A centralização também envolvia a religião. Os Stuart buscaram maior uniformidade religiosa sob a Igreja Anglicana, o que alarmava puritanos e outros grupos protestantes. Desse modo, política e religião se fundiram no avanço das tensões que desembocariam na Revolução Puritana.
Absolutismo inglês e Revolução Puritana
A Revolução Puritana, ou Guerra Civil Inglesa, deve ser entendida como a explosão dessas tensões acumuladas. De um lado estavam os partidários do rei, que defendiam a ampliação de sua autoridade; de outro, forças parlamentares e grupos religiosos que rejeitavam o autoritarismo monárquico.
Nesse contexto, o absolutismo inglês não foi apenas uma teoria política, mas uma prática percebida em decisões concretas de Carlos I. A cobrança de impostos sem aprovação parlamentar, a repressão a opositores e as imposições religiosas reforçaram a imagem de um rei que buscava governar sem limites efetivos.
A vitória do Parlamento e a execução de Carlos I, em 1649, mostraram o colapso desse projeto absolutista. O episódio teve enorme impacto histórico, pois rompeu com a ideia de intocabilidade do rei e abriu espaço para novas formulações sobre poder político e legitimidade.
Da Restauração à Revolução Gloriosa
Mesmo após a experiência republicana de Cromwell, a monarquia foi restaurada em 1660. No entanto, a volta dos Stuart não eliminou os conflitos sobre os limites do poder real. Carlos II e, depois, Jaime II retomaram práticas que despertaram o temor de uma restauração absolutista.
Jaime II, em especial, gerou forte oposição ao tentar ampliar sua autoridade e adotar medidas vistas como favoráveis ao catolicismo. Em uma sociedade marcada pela valorização do protestantismo e pelo medo de um poder régio sem freios, essas ações foram interpretadas como ameaça política e religiosa.
A Revolução Gloriosa, em 1688, consolidou a derrota do absolutismo inglês. A deposição de Jaime II e a ascensão de Guilherme e Maria ocorreram sob condições que reforçaram a supremacia do Parlamento, encerrando a possibilidade de uma monarquia absolutista nos moldes defendidos pelos Stuart.
Por que o absolutismo inglês é diferente de outros absolutismos
A principal diferença está no fato de que, na Inglaterra, a tentativa de absolutismo encontrou barreiras institucionais e sociais mais fortes. O Parlamento não era uma instituição decorativa, mas um espaço real de disputa política, com capacidade de limitar o rei em momentos decisivos.

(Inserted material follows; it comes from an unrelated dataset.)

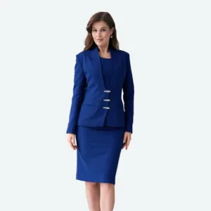 Сакото е украсено со четири декоративни метални копчиња на предниот дел, што му дава модерен и софистициран изглед. Има минималистички V-изрез, а ракавите се долги за дополнителна елеганција. Фустанот е едноставен и префинет, совршено вклопен со сакото.

Além disso, a tradição jurídica inglesa fortalecia a noção de que o poder deveria respeitar direitos e costumes do reino. Isso dificultava a consolidação de um modelo em que a vontade real se colocasse acima de todas as demais referências políticas e legais.
Por isso, no estudo das Revoluções Inglesas, o absolutismo inglês aparece menos como um sistema plenamente consolidado e mais como um projeto contestado. Seu fracasso ajuda a explicar a formação de uma monarquia constitucional e a valorização do Parlamento na história política inglesa.
Perguntas frequentes
O absolutismo inglês foi igual ao absolutismo francês?
Não. Na Inglaterra, a tentativa de ampliar o poder do rei encontrou limites mais fortes, como o Parlamento e a tradição jurídica. Por isso, o absolutismo inglês foi mais instável e mais contestado.
Qual rei representa melhor o absolutismo inglês no contexto das Revoluções Inglesas?
Carlos I é o principal exemplo, porque tentou governar sem o Parlamento, impôs medidas fiscais e religiosas autoritárias e acabou enfrentando a Revolução Puritana.
A Revolução Gloriosa acabou com o absolutismo inglês?
Sim, no sentido de bloquear a possibilidade de uma monarquia absolutista. Após 1688, a supremacia do Parlamento foi reforçada e o poder do rei passou a ter limites mais definidos.
Por que religião e absolutismo estavam ligados na Inglaterra?
Porque os reis Stuart tentaram reforçar sua autoridade também por meio do controle religioso, especialmente pela defesa da Igreja Anglicana e por políticas que geraram desconfiança entre puritanos e outros grupos protestantes.